Matt Waldman’s RSP Boiler Room examines a receiver whose draft stock is a whisper but his game is at maximum volume.
The sleeper is dead.
That’s what social media says. Considering that a woman on a plane can tweet ignorant and assinine statements prior to takeoff and find herself unemployed and the subject of worldwide shame and ridicule before she disembarks is a testament to the power of the medium.
Even so, the sleeper isn’t dead; he’s just harder to find.
Yes, Many of you have probably already heard of the receiver I’ll be sharing in today’s post and some of you who have will probably be underwhelmed. Of course, there are people online who are eager to turn every point into a contest.
(While I like when you’re impressed, it’s a lot more of a fringe benefit than it is a mission.)
I’m neither naive nor egotistical enough to think that none of you have this receiver on your draftnik/fantasy radar. However, the fact that I’m on Twitter with a large network of media and fans and I’ve yet to see anyone I know mention his name is rare.
I thought I’d be talking about this guy no later than September because this 6’3″, 220-pounder’s rebounding is so preternatural that his skill rips the ball from the term ‘My-Ball Mentality’ and leaves him crying like a stunned five-year-old in a sandbox bereft of his favorite toy.
I presumed he’d be the trendy small-school prospect of this draft. A season-ending shoulder injury during the second week of September killed that notion. So did the demise of Draft Breakdown.

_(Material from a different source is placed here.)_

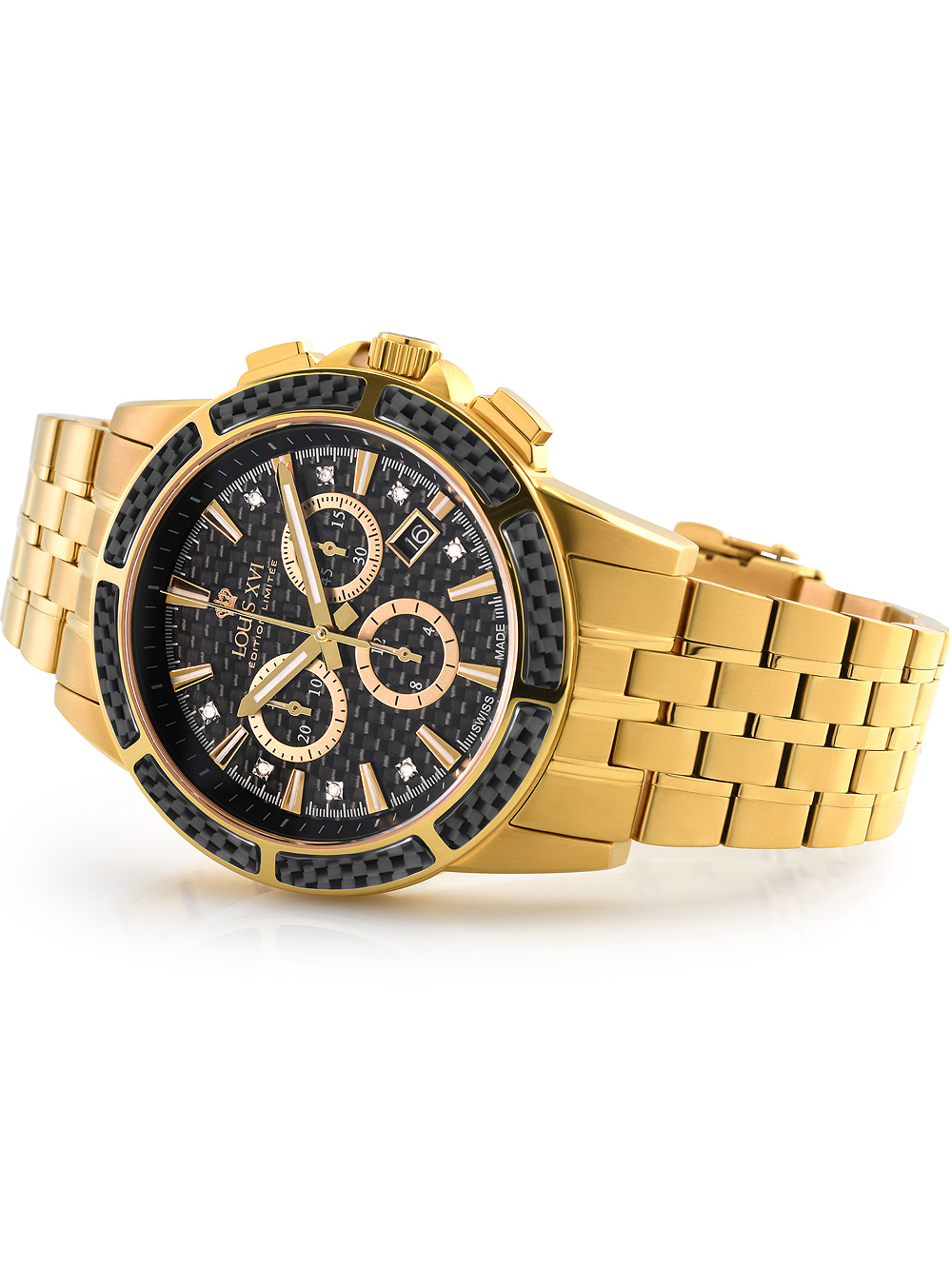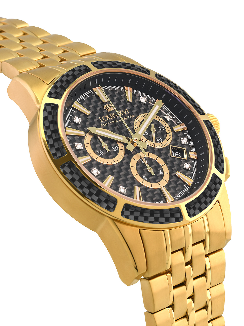 Další informace Všeobecné informace PohonBaterie (quartz) UrčeníPánské StylKlasické, Moderní Modelové označeníLXVI1103 Výrobní sérieMajesté Chronograph 43mm Povrchová úpravaLeštěná, Matná Voděodolnost50 m/5 bar (Sprchování) Strojek5030.D, Ronda, Swiss Made Netto hmotnost0,18 kg Pouzdro a ciferník SkloAntireflexní, Safírové CiferníkAnalogový Barva ciferníkuČerná Materiál pouzdraNerezová ocel Barva pouzdraČerná, Zlatá Tloušťka pouzdra12 mm Šířka pouzdra43 mm LunetaPevná Spodní krytNerezová ocel, Přišroubován Řemínek Materiál řemínkuNerezová ocel Barva řemínkuZlatá Šířka řemínku22 mm SponaSkládací spona Max. obvod zápěstí210 mm Extra informace Limitovaná ediceAno, X / 1000 Obsah baleníBalení, Instrukce, Krabička, Záruční dokumenty OsvětleníRučičky FunkceChronograf, Datum, Hodiny, Minuty, Sekundy Recenze Zatím zde nejsou žádné recenze. Buďte první, kdo ohodnotí “Louis XVI LXVI1103”Cancel ReplyVaše e-mailová adresa nebude zveřejněna. Vyžadované informace jsou označeny *Vaše hodnocení Hodnotit… Skvělý Dobrý Průměrný Ne tak špatný Velmi slabý Vaše recenze *Jméno * E-mail * Uložit do prohlížeče jméno, e-mail a webovou stránku pro budoucí komentáře. Odeslat

It didn’t help that this two-time All-American with late and strong hands — his nickname could be ‘not so fast my friend’ if it weren’t for the fact that ole Mascot Head on ESPN has an unwritten trademark on the term — was an All-American in the FCS.
These are all reasons why there is barely a whisper about Northern Arizona’s Emmanuel Butler. Big, strong, smart, and quick, Butler’s game has been the source of roaring stadiums in both the FCS and FBS.

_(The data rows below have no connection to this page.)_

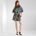 Cortavientos reversible con capucha y bajo con cordón ajustable. Modelo corto con manga con sisa caída y puños elásticos. Bolsillos con ribeteado vertical en ambos lados. Cierre con cremallera de doble tirador. Confección en nailon FF color azul claro, con estampado all over Falena en tonos negro y amarillo. Interior color azul claro liso, con parche Fendi Roma de piel tono sobre tono aplicado en el pecho. Accesorios de metal con acabado paladio.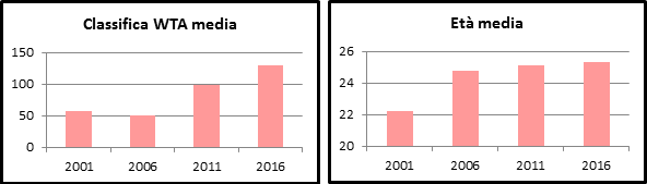 Analizziamo come sempre i dati dei primi 15 giocatori in classifica nel 2001, 2006, 2011 e 2016.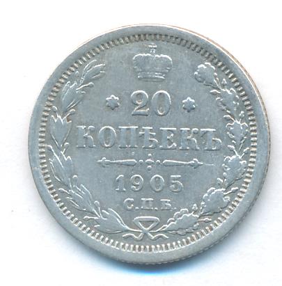 Лицевая сторона — гербовый орел, оборотная —обозначение номинала (20 копеекъ), окруженное венком из лавровой и дубовой ветвей и дата.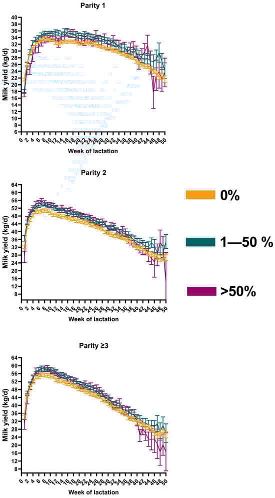 Estimated marginal means showing the average daily milk yield (kg/d) over the course of 50 weeks from 194,142 daily cow observations of 1573 dairy cows exhibiting a bimodal milk flow curve in 0, 1–50%, and >50% of milking observations per day stratified by parity. Error bars show 95% confidence intervals.

Butler owns the perimeter and the red zone and he displays short-area quickness and lateral agility after the catch. After you see the video below, you’ll get an idea why his game impresses me.
There are reasons I could be dead-wrong about Butler. If I’ve overstated his explosiveness and we find that his deep speed is lacking, Butler could wind up little more than a terrific college player who earned big moments against top competition. My exposures to Butler’s film has been lower than the average receiver prospect.

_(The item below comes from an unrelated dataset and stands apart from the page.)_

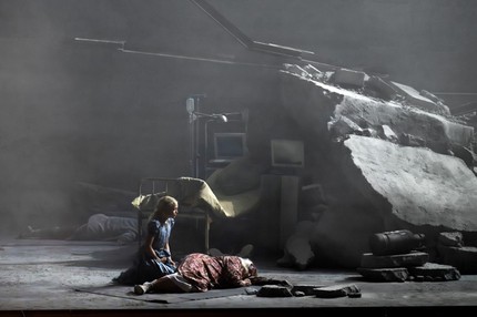 Мужеподобная Ольга в пародийно блистательном исполнении контртенора Арьехи Нуссбаума Коэна словно соткана из пустых и пошлых фраз. В филигранной фразировке слышится неувядающая усталость и бесконечная готовность ныть.

Not so long ago, I was excited about Henderson State’s Darius Davis. His 15 minutes with the San Francisco 49ers ended 14 minutes early.
We all have our misses.
It doesn’t deter my excitement about Butler even if its likely that his college resume renders him an undrafted free agent that will have to scrap for minimal reps in a training camp on a depth chart filled with veterans and draft picks — players who will earn 3-5 times the opportunities to prove their worth and earn more benefit of the doubt when they make mistakes.
I wish I could find more Northern Arizona tape from 2015 and 2016. If you have some that you’d like to share, hit me up.
P.S. – Butler will be returning to NAU in 2018.